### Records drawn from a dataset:
● ● ● ● ● ● ●
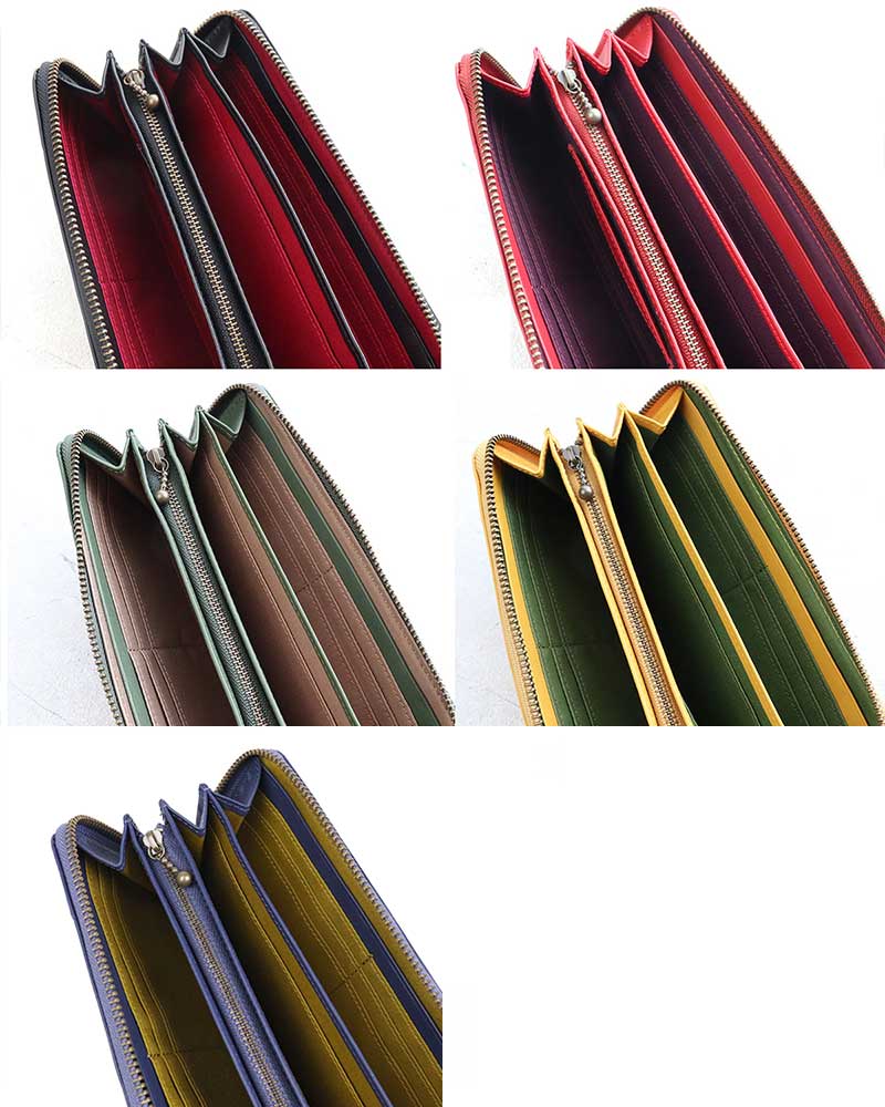 カードが19枚収納できる大容量の長財布です。ジッパー開閉なのでバッグの中でお財布が開いてしまうこともなく安心。内部は蛇腹の3層で大きなフリーポケットも充実しているのでレシートやチケットなども整頓して収納できます。小銭入れはL字ジッパー開閉。中は2層になっていてたっぷり収納出来ます。ジッパーの引手がアクセントになったデザインです。
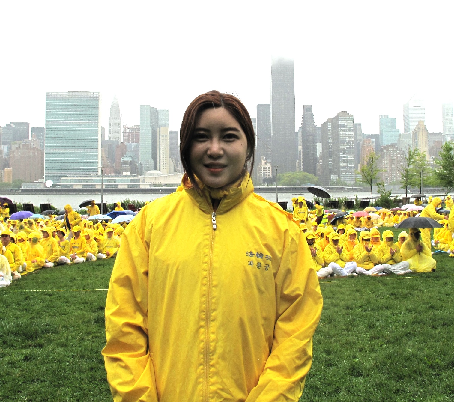 在参加“大法洪传25周年”大型排字的法轮功学员中有一位来自韩国会说中文的女孩,名字叫金懿雅,曾在台湾学习中文。自己说自己十几年前跟着妈妈开始修炼,但在高中、大学求学阶段松懈了,直到二零一五年初,师父再次让她感受大法祛病健身的神奇功效,她又回到大法修炼中来,她说修炼带给她不断的变化,最近感受的一个明显变化就是变得包容些了,原来一定要跟人争的东西现在能比较容易地放下了。
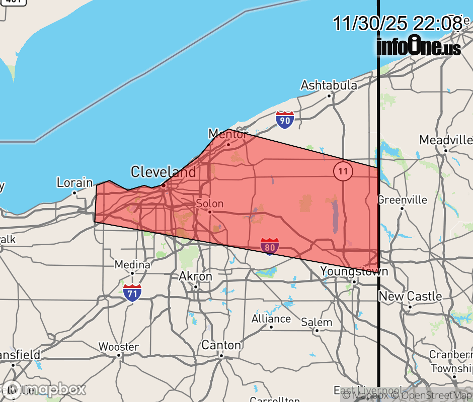 Canceled 11/30/25 11:00 PM Special Weather Statement issued November 30 at 10:06PM EST by NWS Cleveland OH At 1006 PM EST, radar indicated an intense lake effect snow band along a line extending from 9 miles north of Lakewood to near North Bloomfield, moving southeast at 30 mph. HAZARDS INCLUDE... Visibility rapidly dropping to less than a quarter of a mile... Up to 1 inch of quick snow accumulation... Locations impacted include... Cleveland, Warren, Painesville, Willowick, Chardon, Parma, Lakewood, Euclid, Mentor, Cleveland Heights, Strongsville, Westlake, North Royalton, North Ridgeville, Solon, Avon Lake, Willoughby, Hudson, Niles, and Twinsburg. Use extra caution if you must travel into or through this lake effect snow band. Rapid changes in visibility and potentially slick roads are likely to lead to accidents. Consider delaying travel until this snow band passes your location. ![]() |
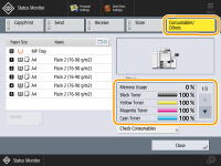 Press  (Status Monitor)  <Consumables/Others>  <Check Consumables>.
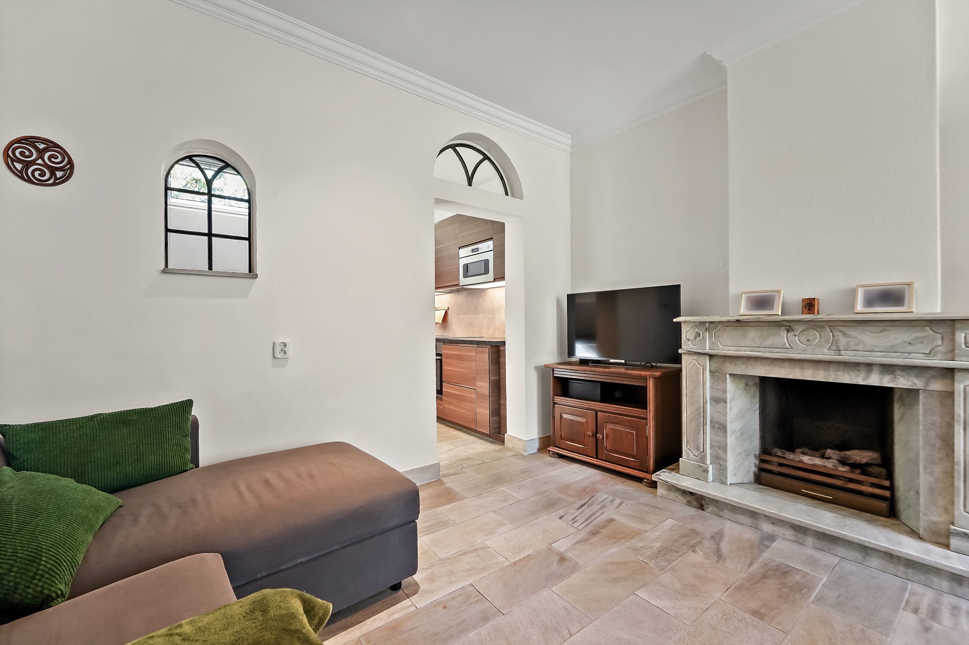 In de woonkamer zorgt de marmeren schouw met gashaard voor extra sfeer en warmte, de stenen vloer met vloerverwarming draagt bij aan een aangenaam wooncomfort, het hele jaar door. Via de open trap bereikt u de 1e verdieping.
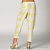 Яркие брюки-бананы в клетку. Спереди пояс собран в двух местах. Брючины на манжетах. Застегиваются брюки на молнию и кнопку. Сзади декорированные кармашки на пуговицах.
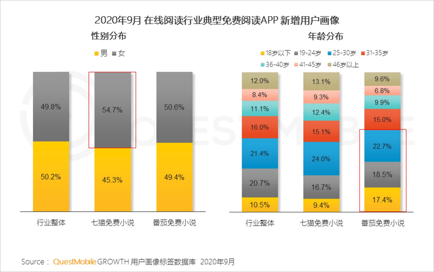 7.2 在线阅读行业新增用户中35岁以下、男性用户居多;番茄免费小说新增用户中30岁以下占比较为突出,七猫免费小说则受到更多女性青睐
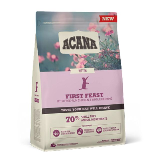 Il miglior inizio per il tuo gattino, grazie a questo alimento ricco di ingredienti animali nelle proporzioni della preda intera. Formulato per supportare la crescita e lo sviluppo dei gattini, ACANA First Feast è ricco di pollo e aringa, tutti nelle proporzioni della preda intera, con carne, interiora, cartilagine e ossa. Tutti i nutrienti necessari per crescere forte e in salute e un gusto irresistibile, che il tuo gattino amerà.
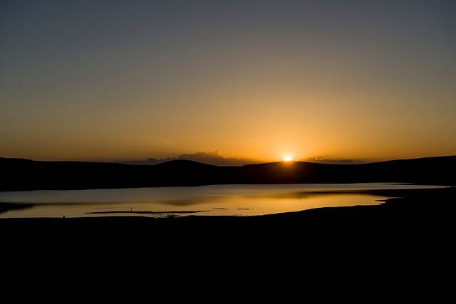 一边是美丽的日出光影,剪影,一边是硕大的月亮还不睡。
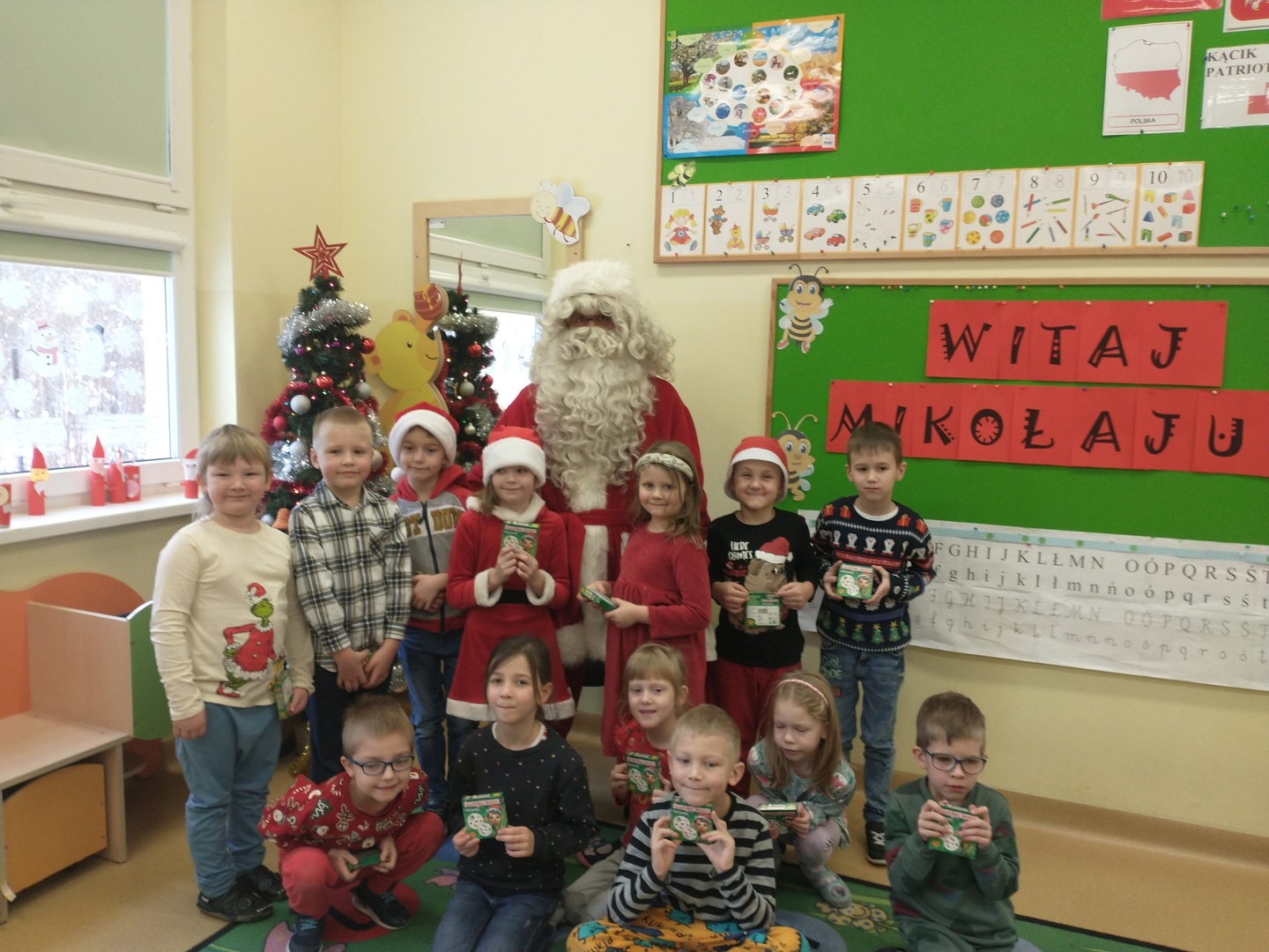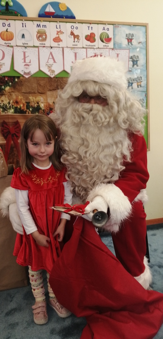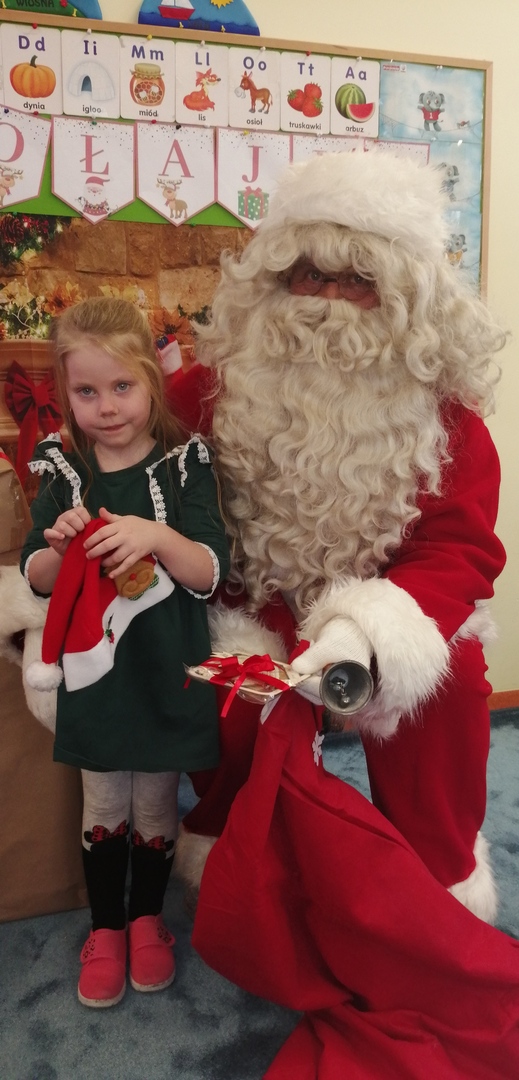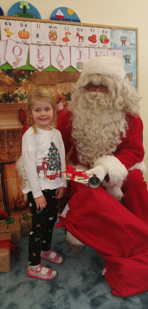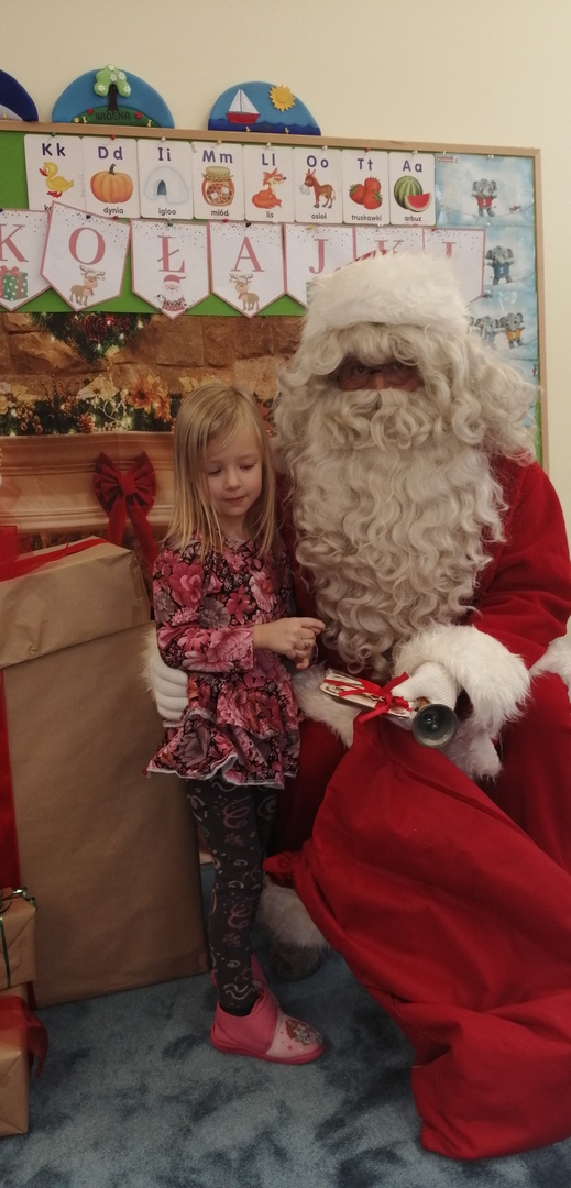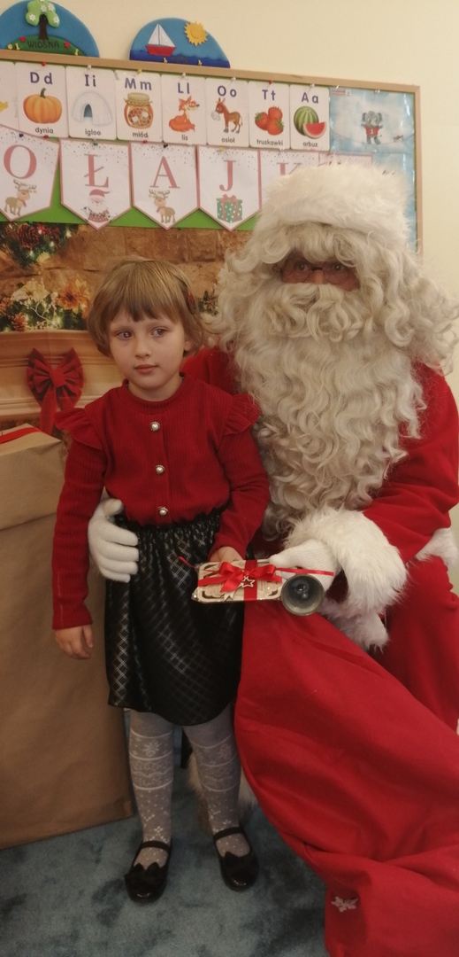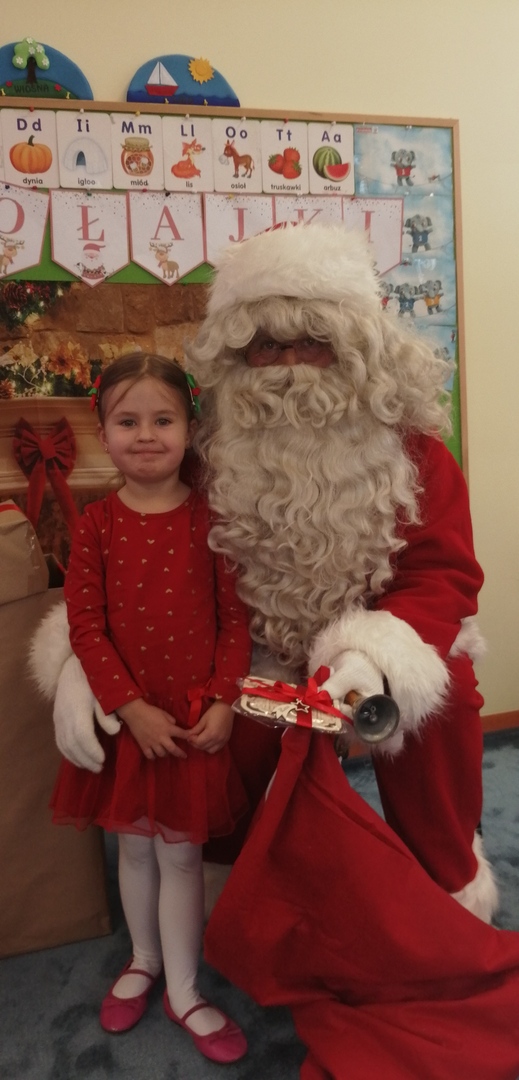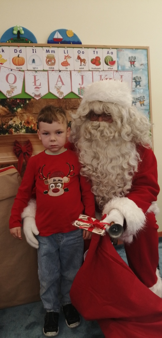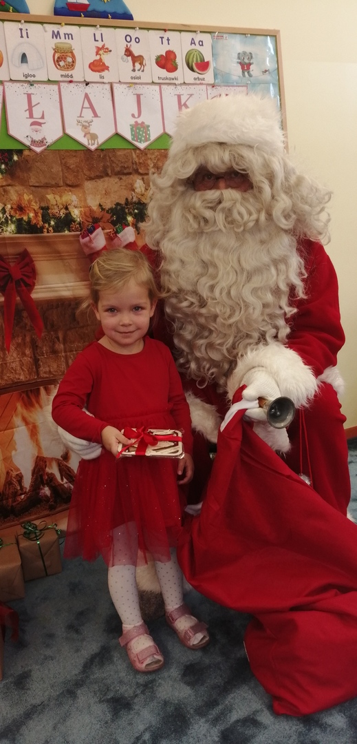 Natomiast dzieci z grupy ,,Misie” napisały list do Mikołaja z prośbą o wymarzone zabawki. Zostały też wykonane zdjęcia przy świątecznej ściance (które wręczą rodzicom na święta), a podczas wizyty Mikołaja wyrecytowały wierszyk i otrzymały drobne upominki.
● ● ● ● ● ● ●
Please restate word for word the lines above, starting with the line that holds "7.2 在线阅读行业新增用户" and ending with the final line of the records, while leaving out pictures.

### Task response:
 7.2 在线阅读行业新增用户中35岁以下、男性用户居多;番茄免费小说新增用户中30岁以下占比较为突出,七猫免费小说则受到更多女性青睐
 Il miglior inizio per il tuo gattino, grazie a questo alimento ricco di ingredienti animali nelle proporzioni della preda intera. Formulato per supportare la crescita e lo sviluppo dei gattini, ACANA First Feast è ricco di pollo e aringa, tutti nelle proporzioni della preda intera, con carne, interiora, cartilagine e ossa. Tutti i nutrienti necessari per crescere forte e in salute e un gusto irresistibile, che il tuo gattino amerà.
 一边是美丽的日出光影,剪影,一边是硕大的月亮还不睡。
 Natomiast dzieci z grupy ,,Misie” napisały list do Mikołaja z prośbą o wymarzone zabawki. Zostały też wykonane zdjęcia przy świątecznej ściance (które wręczą rodzicom na święta), a podczas wizyty Mikołaja wyrecytowały wierszyk i otrzymały drobne upominki.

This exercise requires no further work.